BT had asked Ofcom to reconsider the prices it allows the company to charge other communications providers to deliver services to consumers.
Ofcom already takes into account the cost of running the pension scheme when it decides the amount BT can charge.
But BT wanted that to be extended to take into account the extra costs of topping up its pension scheme deficit.
That is understood to be currently around £7.5bn ($11.6bn).
Ofcom, external asked those affected whether there were good reasons to change the way pension costs were currently accounted for when setting regulated charges.
After taking these views into account, the regulator said it had not seen any compelling evidence that would justify changes to prices set for BT's wholesale Openreach service - which leases dedicated lines to companies - to take account of reducing the pensions deficit.
BT, external said other companies had been allowed to rebuild their pension schemes by increasing regulated charges.
Detailed review
A statement from the company said: "It is right that Ofcom has considered this matter, as there is regulatory precedent from other industries for BT to be able to recover some proportion of its total pension costs through regulated charges. "
The company added it would be reviewing Ofcom's proposals in detail.

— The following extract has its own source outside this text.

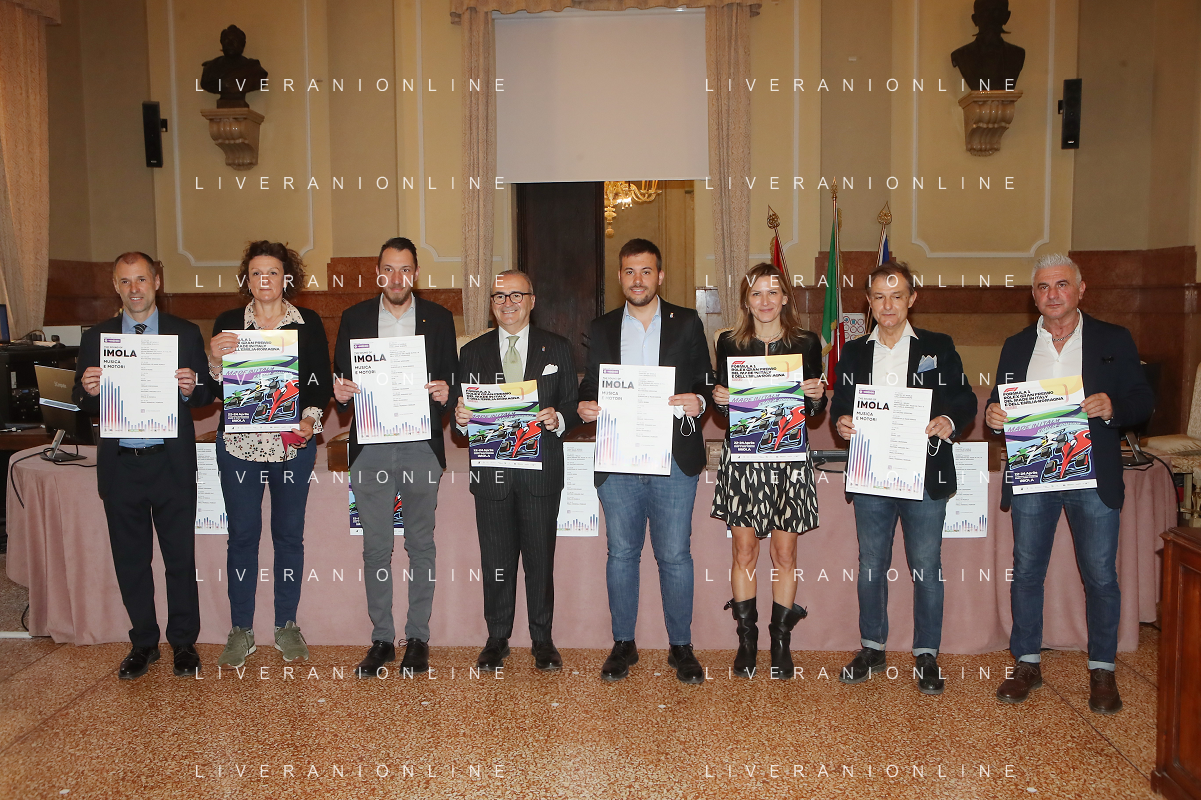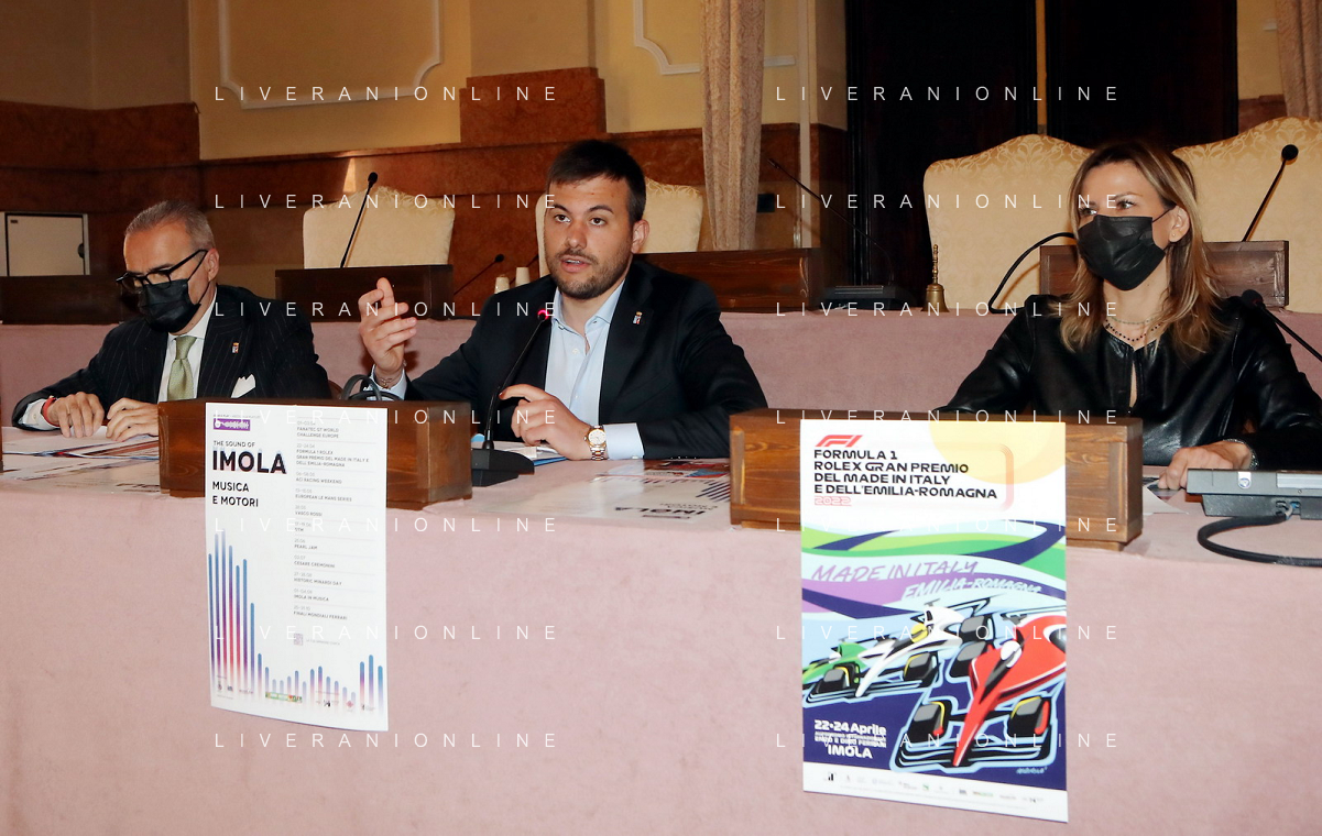 IMOLA 15 04 2022 CONFERENZA STAMPA FORMULA 1 EVENTI ORGANIZZATI DAL COMUNE DI IMOLA NELLA FOTO IN CENTRO SINDACO MARCO PANIERI ASSESSORE PIERANGELO RAFFINI ASSESSORE ELENA PENAZZI AUTODROMO E LE CATEGORIE foto gianni sanna-ag aldo liverani sas

It is understood the company was expecting any change in its favour to result in tens of millions of pounds in revenue.
The regulator revealed last December it was looking at an option to make firms such as TalkTalk and BSkyB pay up to 4% extra for using wholesale telephony from BT to help cover pension deficit payments.
The inquiry was launched last year after BT's deficit soared and the regulator became concerned the scale of its pension payments could affect its costs.